# 13th root of a 200-digit number - Hewlett Packard

This is a discussion on 13th root of a 200-digit number - Hewlett Packard ; What is the first thing you do after reading this: http://afp.google.com/article/ALeqM5...HXyEi3K50b2zBQ The actual newspaper article also listed the 200-digit number in question, but it is of course much easier and faster to enter it in your beloved 49/50 as 2397207667966701^13. ...

# Thread: 13th root of a 200-digit number

1. ## 13th root of a 200-digit number

What is the first thing you do after reading this:

The actual newspaper article also listed the 200-digit number in
question, but it is of course much easier and faster to enter it in

Then try and calculate the 13th root, using 13 XROOT.
I canceled the routine after a few minutes (running at full speed on
my PC, that is)
It was obviously getting nowhere.
That's quite strange, because the following UserRPL routine gets it in
1.2 seconds, on a real 49G:

ZNROOT
\<<
\-> Z N
\<<
Z \->NUM N XROOT R\->I @ first approximation
DO @ N-R iteration
N 1 - DUP2 * UNROT * OVER * Z + SWAP N * IDIV2
UNTIL 0 SAME
END
\>>
\>>

It's just an implementation of Newton-Rhapson iteration, and for the
problem above, a single iteration yields the result.
Perhaps an idea for the next ROM version?

Cheers,

Werner Huysegoms

2. ## Re: 13th root of a 200-digit number

>
> The actual newspaper article also listed the 200-digit number in
> question, but it is of course much easier and faster to enter it in
> your beloved 49/50 as 2397207667966701^13.
>
> Then try and calculate the 13th root, using 13 XROOT.
> I canceled the routine after a few minutes (running at full speed on
> my PC, that is)
> It was obviously getting nowhere.
> That's quite strange, because the following UserRPL routine gets it in
> 1.2 seconds, on a real 49G:
>
> ZNROOT
> \<<
> \-> Z N
> \<<
> Z \->NUM N XROOT R\->I @ first approximation
> DO @ N-R iteration
> N 1 - DUP2 * UNROT * OVER * Z + SWAP N * IDIV2
> UNTIL 0 SAME
> END
> \>>
> \>>
>
> It's just an implementation of Newton-Rhapson iteration, and for the
> problem above, a single iteration yields the result.
> Perhaps an idea for the next ROM version?
>
> Cheers,
>
> Werner Huysegoms

He must try to factor, a lengthy process.
G.E.

3. ## Re: 13th root of a 200-digit number

On Tue, 20 Nov 2007 02:15:31 -0600, Werner Huysegoms wrote:

> ...just an implementation of Newton-Rhapson iteration...

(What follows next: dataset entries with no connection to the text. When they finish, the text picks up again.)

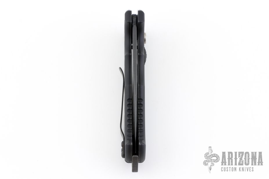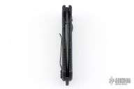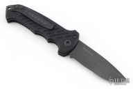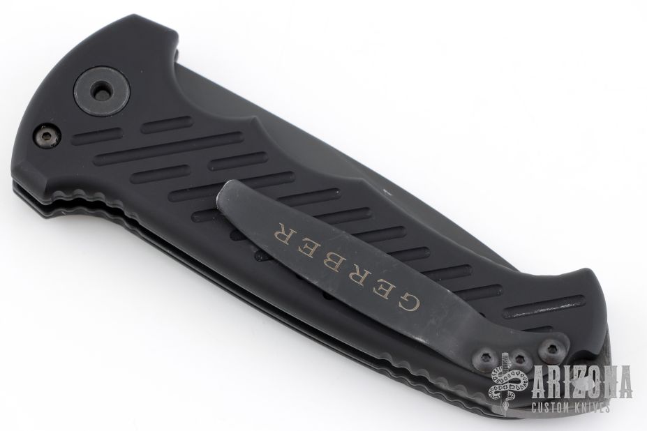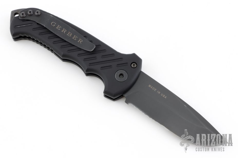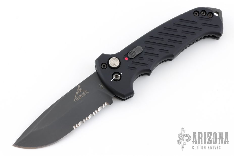 This 06 Side Opening Auto has a matte black finished S30V drop point blade with partial serrations. The handle is black aluminum over black stainless steel liners, exposed stainless steel tang butt/ glass breaker/ backspacer with lanyard hole, black stainless steel tip up (RH/LH reversible) clip, and safety button. Comes with original belt sheath. Has some light scuffs, has some white paint pen on the pivot showing that it was never taken apart? i'm not sure on that, otherwise excellent condition.
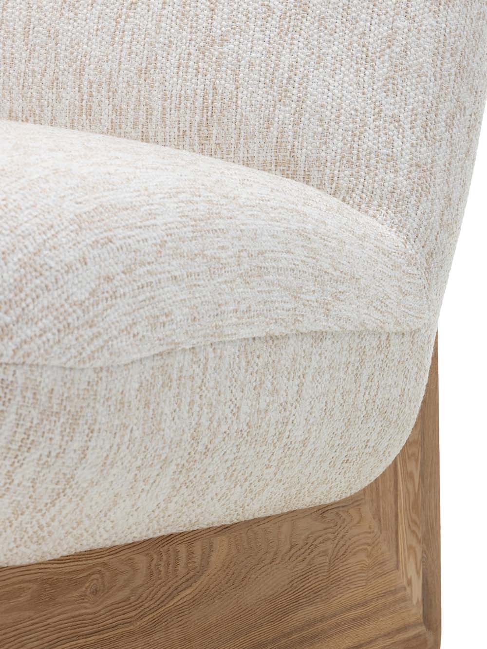 Sėdimoji dalis užpildyta kokybišku putų poliuretanu, todėl užtikrina ypatingą komfortą bei patogų poilsį po ilgos dienos. Natūralaus uosio medienos kojelių rėmas suteikia baldui tvirtumo ir ilgaamžiškumo, kartu pabrėždamas natūralios medienos kuriamą jaukumą.
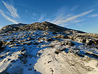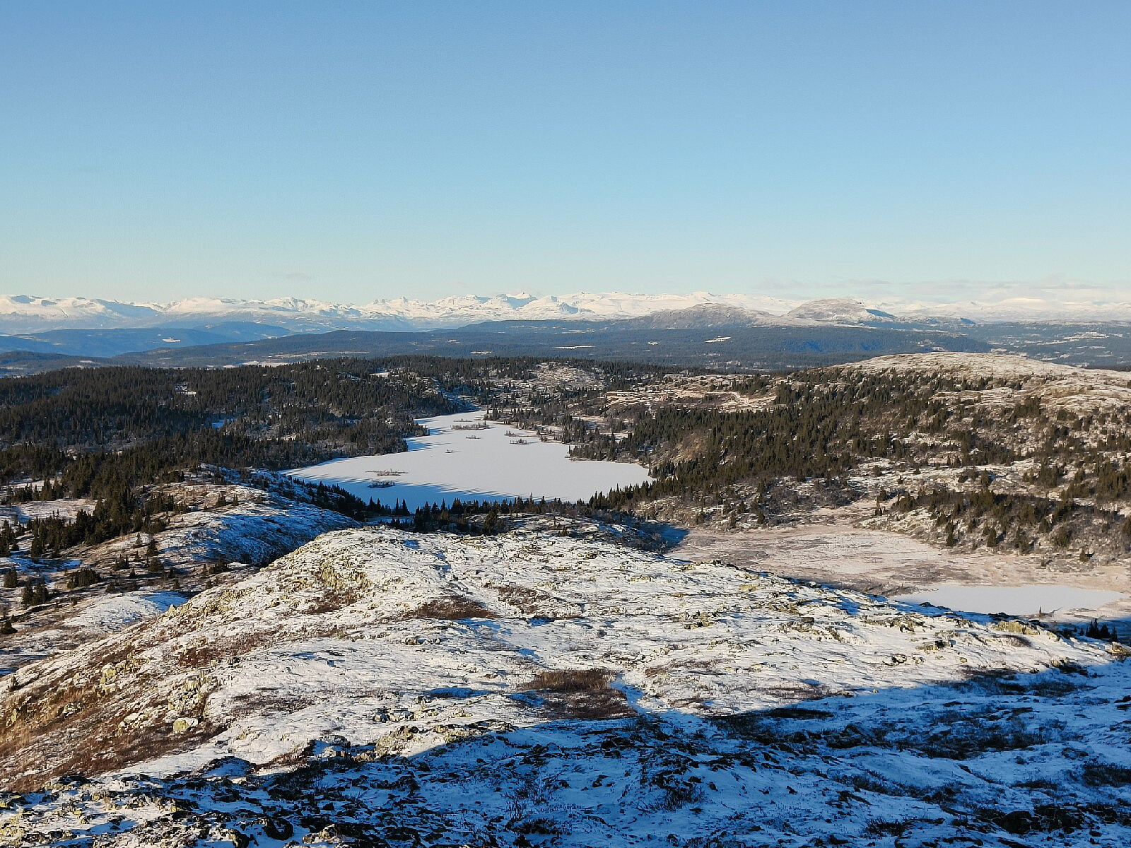 Trengte å klargjøre litt før vinteren på Skåleberget, og det var deilig å komme opp over tåka i dag også; sol og blå himmel, og lite vind. En diger ravn like ved toppen gjorde at min ankomst ikke gikk upåaktet hen, men ble varslet grundig og godt i dyreriket.

The CAS is fundamentally designed to calculate "exact" results,
not "approximate" results (what if another original
exact argument has the same leading digits,
but then veers off from the value actually given,
in which case there is *no* correct integer answer?)

The very fact that it was also a "given" (to the human calculator)
that "this is an *exact* 13th power"
was probably very helpful to the human calculator,
although not utilized by Newton-Rhapson methods,
which would have delivered the same answer
even for different initial arguments,
for which the answer would not have been exact.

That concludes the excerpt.